千種町では700年代から1950年代まで和紙づくりが行われていたといいます。千種川の水に惚れ、途切れていた町の伝統文化を復活させたのが工房の代表である吉留新一さん。工房では吉留さんの指導のもと、しおりとハガキ、厚紙づくりに挑戦しました。

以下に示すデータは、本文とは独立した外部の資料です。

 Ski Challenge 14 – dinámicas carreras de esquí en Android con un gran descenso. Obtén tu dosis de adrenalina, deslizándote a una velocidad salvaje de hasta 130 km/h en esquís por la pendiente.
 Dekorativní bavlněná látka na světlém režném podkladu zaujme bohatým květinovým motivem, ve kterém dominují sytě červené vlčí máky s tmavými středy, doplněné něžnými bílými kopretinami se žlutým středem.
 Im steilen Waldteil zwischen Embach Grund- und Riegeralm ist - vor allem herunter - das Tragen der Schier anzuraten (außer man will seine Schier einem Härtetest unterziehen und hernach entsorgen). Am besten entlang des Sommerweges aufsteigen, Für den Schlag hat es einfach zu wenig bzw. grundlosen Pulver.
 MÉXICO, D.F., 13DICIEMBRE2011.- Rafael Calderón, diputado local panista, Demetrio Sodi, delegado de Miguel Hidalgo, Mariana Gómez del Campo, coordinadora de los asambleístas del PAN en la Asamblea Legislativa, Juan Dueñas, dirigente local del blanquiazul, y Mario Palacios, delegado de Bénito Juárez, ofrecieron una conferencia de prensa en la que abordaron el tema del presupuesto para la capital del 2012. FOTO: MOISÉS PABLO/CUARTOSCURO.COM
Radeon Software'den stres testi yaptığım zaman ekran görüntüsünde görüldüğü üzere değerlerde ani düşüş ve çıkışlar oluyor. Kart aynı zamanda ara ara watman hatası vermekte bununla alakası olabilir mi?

紙漉きスタート!まずは水を張った漉き舟に原料を投入し、かきまぜる。
「すきけた」と呼ばれる道具で原料をすくって均等にならす。45cm×35cmの厚紙づくりとなると、なかなかの力仕事。思わず「重い!」と声が。
小さなハガキサイズも油断せずに、慎重に……。
初めての紙漉きでした。難しかったのは、「すきけた」で原料を均等に伸ばすこと。冷たい水に手をつけるのはつらかった……ですが、世の中に一枚しかない自分の紙ができるんだ!という期待で乗り越えました。

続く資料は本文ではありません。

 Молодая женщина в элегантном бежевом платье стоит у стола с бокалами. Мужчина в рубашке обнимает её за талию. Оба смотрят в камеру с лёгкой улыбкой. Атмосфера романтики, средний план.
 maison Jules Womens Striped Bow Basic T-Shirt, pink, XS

楓の葉とともに季節を封じ込めたしおりとハガキ(上)、自分で模様を描いた大判の厚紙。
つくった作品は天日干しにされ、およそ1週間後に自宅に届けてくれました。厚紙には、こんな模様になっていたのかとびっくりしました(笑)。作品のうち、ハガキは韓国にいる家族に宍粟市の写真と一緒に送ろうと思います。なめらかな触り心地かつ頑丈な和紙からは、宍粟市の自然の清らかさ、力強さも伝わりそうです。

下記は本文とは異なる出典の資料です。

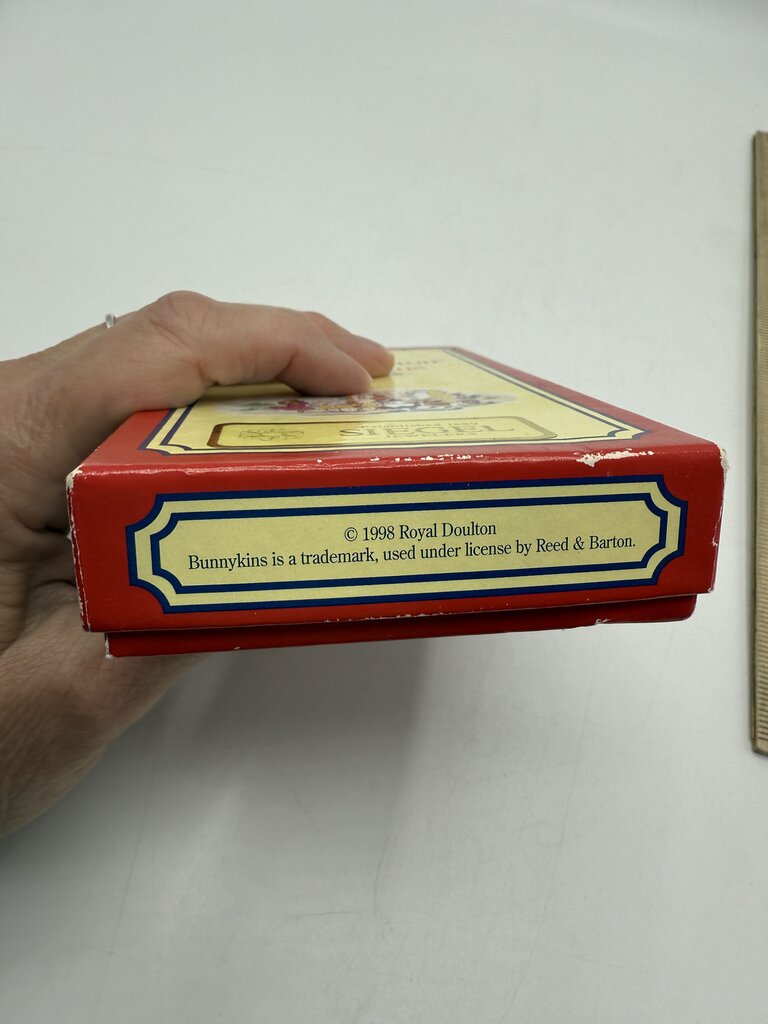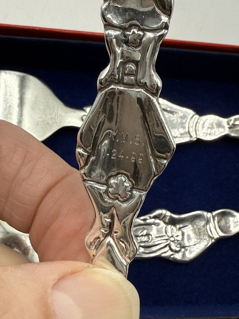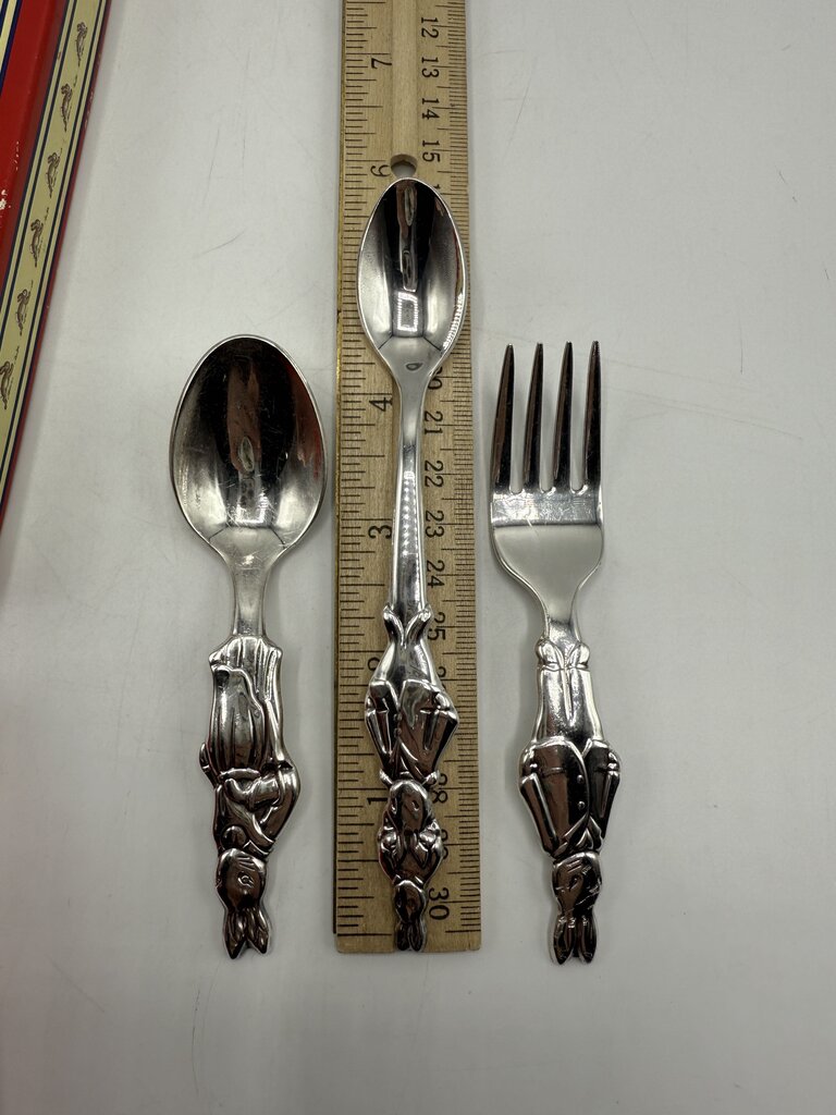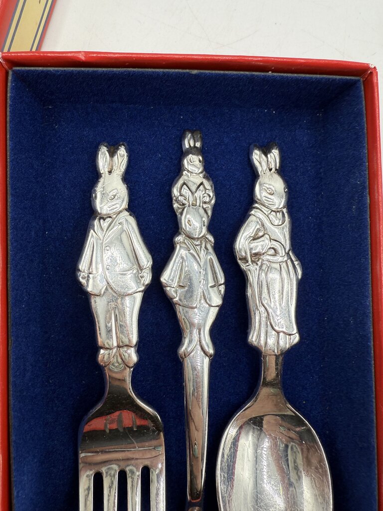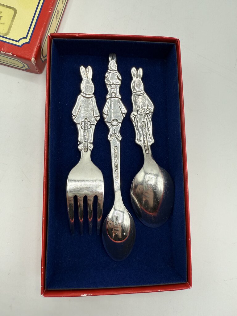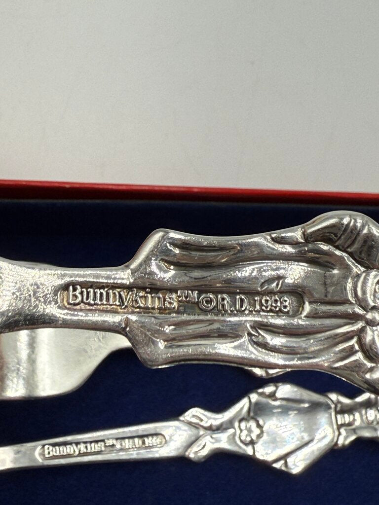 1998 vintage 3 piece flatware set by Royal Doulton in the Bunnykins pattern. Silverplate baby spoon, youth spoon and youth fork. Light scratches from use. Adorable bunnies on the handles. In original box.

今回の旅で、近くにある宍粟市がこんなに楽しいところだったことは新鮮な驚きでした。その魅力は、町を思い、人を思いやる地元の人のおもてなしと、豊かな自然がつくる食文化や伝統文化によるものでした。次に訪れるときは紅葉のライトアップ、日本酒も楽しみたいです。
スポット
鉄道模型ジオラマ交流館しそう夢鉄道
住所/兵庫県宍粟市山崎町山崎207-1
TEL/0790-71-2525
開館時間/10:00〜17:00(最終入館16:30)
開館日/原則土・日・祝日(不定休あり)
入館料/大人400円、子ども200円ほか有料コンテンツあり
http://www.irori-yumetetsu.com/
旅館さつき荘
住所/兵庫県宍粟市山崎町千本屋333
TEL/0790-62-8333
宿泊料/8,030円(一泊2食付き)
https://www.instagram.com/ryokan.satukiso/
最上山公園もみじ山
住所/兵庫県宍粟市山崎町元山崎
TEL/0790-64-0923
老松ダイニング
住所/兵庫県宍粟市山崎町山崎12
TEL/0790-62-2345
営業時間/11:00〜14:30(L.O.13:30)
販売所は10:00〜17:00
定休日/木曜日
播州ちくさ手漉和紙工房
住所/兵庫県宍粟市千種町河内533-1
TEL/0790-76-3716
体験料金/お一人さま2,650円(別途作品送料がかかります)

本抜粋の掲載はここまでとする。